Monday, November 24, 2025

How I Got In Like Flynn.

Flynn.

The first time I was at Ogilvy, I rose probably further and faster than about 94.7-percent of everyone else in the creative department, or any other department. 

Many people disliked me because of that. Every time I'd round a corner or would enter a room where no one expected me to be, I'd hear someone say something about me kissing ass or being political. Usually accompanied by being called a hack.

It drained me of my energy. I made me angry. It upset me. 

Many purported-friends and colleagues would disparage me behind my back. Very few people take the time to say, 'he works really hard,' or 'he listens well' or 'he thinks about the problem' or 'he's just good.'

Chris Wall and Steve Hayden both had dealt with a lot of crap like this in their careers. I saved a single note below from Chris. It came to me after I shot a package of eleven IBM spots--five brand spots and six drtv spots--that were almost universally-acclaimed.
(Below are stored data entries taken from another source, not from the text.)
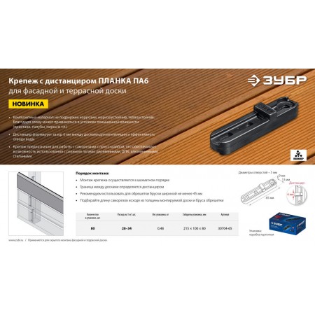 Для скрытого монтажа фасадной и террасной доски. Изготовлен из композитного материала, не подверженного коррозии, благодаря чему может применяться в условиях повышенной влажности (пристани, палубы, пирсы и т.п.)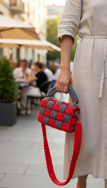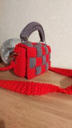 НовыйОригинальная сумка ручной работы.Сделана из трикотажной пряжи,очень приятная на ощупь.С ней вы всегда будете выглядеть стильной.Высота:16 см ;ширина 25см.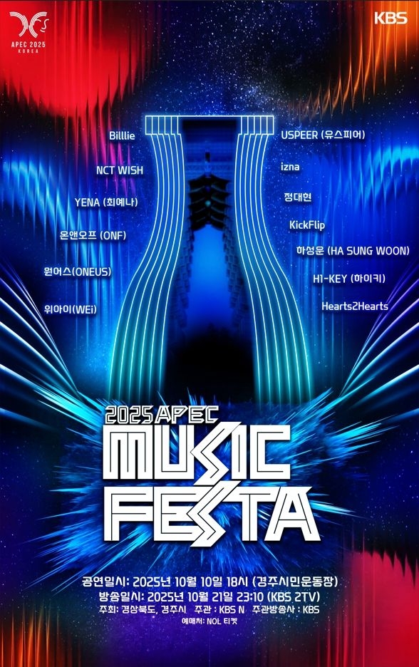 KBS제공2025년APEC정상회의를기념하는대규모K-POP콘서트,‘2025APECMUSICFESTA’가오는10월10일금요일경주시민운동장에서개최된다.대한민국이APEC의장국으로서세계각국정상들과외신관계자들을맞이하는자리에서,한국대중문화를함께소개하는공식문화행사로서의미를갖는다.아울러국제회의와문화교류가조화를이루는특별한무대가될전망이다.‘2025APECMUSICFESTA’는경상북도와경주시가공동주최하며,APEC정상회의준비위원회와협력해운영된다.주관방송사인KBSN은지역사회와지방정부가함께힘을모아안전하고수준높은공연을준비하고있다.무대에는Billlie(빌리),NCTWISH(엔시티위시),YENA(최예나),ONF(온앤오프),ONEUS(원어스),WEi(위아이)를비롯해USPEER(유스피어),izna(이즈나),JUNGDAEHYUN(정대현),KickFlip(킥플립),HASUNGWOON(하성운),H1-KEY(하이키),Hearts2Hearts(하츠투하츠)등다채로운아티스트들이출연한다.세대와스타일을아우르는라인업은K-POP의폭넓은세계를선보이는핵심무대가될것이다.현장뜨거운열기는991만명의구독자를보유한KBSKpop유튜브를통해실시간으로느낄수있을뿐아니라,시차를두고방송을통해서도만날수있다.오는10월21일밤11시10분KBS2를시작으로,KBSN,KBSWorld채널을통해서‘APECMUSICFESTA’가전세계에방영된다.특히KBSWorld유튜브채널은2030만명의구독자를보유하고있어,현장에함께하지못하는국내외시청자들은다양한방법을통해글로벌축제의감동을공유할수있을전망이다.또이번APEC뮤직페스타의특별프로그램으로‘WomanOnMusic(WOM)’이10월24일금요일오후5시보문호수수상무대에서개최된다.약90분간진행되는이무대에는한국·중국·일본·러시아·베트남등5개국의대표여성아티스트들이출연하여미래세대를위한희망의메시지를전달하여APEC정상회의기간중국제적인문화교류의상징적인무대가될것으로기대된다.행사관계자는“2025APEC뮤직페스타는단순한콘서트를넘어,한국의문화적저력을전세계에보여주는장이될것”이라며“APEC정상회의의핵심키워드인‘연결,혁신,번영’을문화의언어로풀어내는무대로만들기위해중앙정부,지자체,민간이긴밀히협력하고있다”고말했다.‘2025APECMUSICFESTA’의세부프로그램,관람안내,교통및안전대책등은향후공식채널을통해순차적으로공개될예정이다.현장공연입장권은30일오후5시부터NOL인터파크를통해접속한신청자들에게무료로배포된다.경주에서는같은날인10월10일부터12일까지신라문화제가열린다.경주의전통과역사를현대적으로재해석해선보이는대표적인문화축제로,월정교를배경으로펼치는전통·현대공연,거리예술,실크로드페스타등다채로운프로그램이이어질예정이다.이번신라문화제와APEC뮤직페스타가함께열리면서,경주는역사와대중문화가공존하는특별한축제의장이될전망이다.공연과축제가동시에펼쳐지는경주는정상회의참가국대표단은물론일반시민과전세계관광객들에게개방되며,이를통해한국의역동적인대중문화와경주의풍부한역사·관광자원을함께알리고지역경제에도활력을불어넣을것으로기대된다.손봉석기자[email protected]©스포츠경향.무단전재및재배포금지.

And then I was moved into a smaller office adjacent to a spewing roof-top exhaust fan by a petty and jealous manager who had rip-the-wings-off-of-flies-authority to hurt people who were upsetting her status quo.

I called her the Nurse Ratched of the creative department. Every creative department has one.
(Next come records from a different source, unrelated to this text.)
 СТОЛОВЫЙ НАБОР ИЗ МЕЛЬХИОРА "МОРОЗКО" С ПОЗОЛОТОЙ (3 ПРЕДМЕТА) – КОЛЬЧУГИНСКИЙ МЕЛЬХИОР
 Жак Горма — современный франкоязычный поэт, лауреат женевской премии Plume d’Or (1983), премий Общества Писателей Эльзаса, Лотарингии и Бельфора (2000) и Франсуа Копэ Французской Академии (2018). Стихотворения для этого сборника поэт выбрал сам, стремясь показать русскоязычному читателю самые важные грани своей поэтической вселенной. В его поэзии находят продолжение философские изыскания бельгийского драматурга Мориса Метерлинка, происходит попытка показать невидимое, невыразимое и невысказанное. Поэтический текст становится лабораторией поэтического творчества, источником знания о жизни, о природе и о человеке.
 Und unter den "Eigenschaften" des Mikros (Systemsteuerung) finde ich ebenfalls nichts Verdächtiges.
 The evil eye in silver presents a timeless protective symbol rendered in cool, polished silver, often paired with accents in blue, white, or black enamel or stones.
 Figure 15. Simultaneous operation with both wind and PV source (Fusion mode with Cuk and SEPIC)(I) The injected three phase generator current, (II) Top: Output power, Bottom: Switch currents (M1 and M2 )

I suppose in the wake of Steve Hayden's death and memorial, and various reminiscences of Chris along the way, I remembered a piece of creative I did--extemporaneously--in real time in front of the people I was presenting to. It was probably the best piece of creative I ever did.
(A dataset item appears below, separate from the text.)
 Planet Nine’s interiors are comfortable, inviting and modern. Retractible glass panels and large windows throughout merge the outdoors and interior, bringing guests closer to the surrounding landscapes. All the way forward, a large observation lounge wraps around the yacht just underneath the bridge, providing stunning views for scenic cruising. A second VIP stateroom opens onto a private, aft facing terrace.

My partner and I were presenting those eleven spots to very important muckety-mucks from IBM. Since the eleven spots were in-effect the work of two different disciplines--direct response advertising and brand advertising, which at the time were represented by two different agencies and two different bottom lines, the question came up from people bigger than I, 'how do you want to present these?' That is, in what order. Which agency so-to-speak will have the upper-hand?

I remembered the "brief" Matt Ross the head of the IBM account at Ogilvy had given me months before. He said (and I remember this verbatim) 'we already have one-hundred-percent mind-share. How do we drive our market-share?'

That's a damn good brief. 

It presented the problem. And left it to me to find answers.

With that in mind, I stood up to present to IBM, with Chris and Steve in the room.

I said something like, "Most people would start with the brand work. It's cooler. I'm starting with the direct work. We have to sell stuff." 

After that, I could have sold practically anything.

It was one of those too-rare moments when I could almost physically see all client-resistance evaporate. I could almost hear them saying, 'this guy gets us.'

I also got up before I presented and drew this. I hadn't rehearsed it, or even thought about it beforehand. Like I said, it was 'creative' that just came to me.

I said something like, 'we're showing you eleven spots. Five brand and six direct. But in totality the work works like this. 

The work builds your brand. The brand builds your sales.

No one said anything after I drew that. 

They looked at our spots. They laughed in appropriate places. And laughed some more. 

They signed the estimate.



Chris ended his note to me this way.

Even though this note was to me alone, there's an industry that could learn from it.


You can learn a lot from thirty-year-old memos.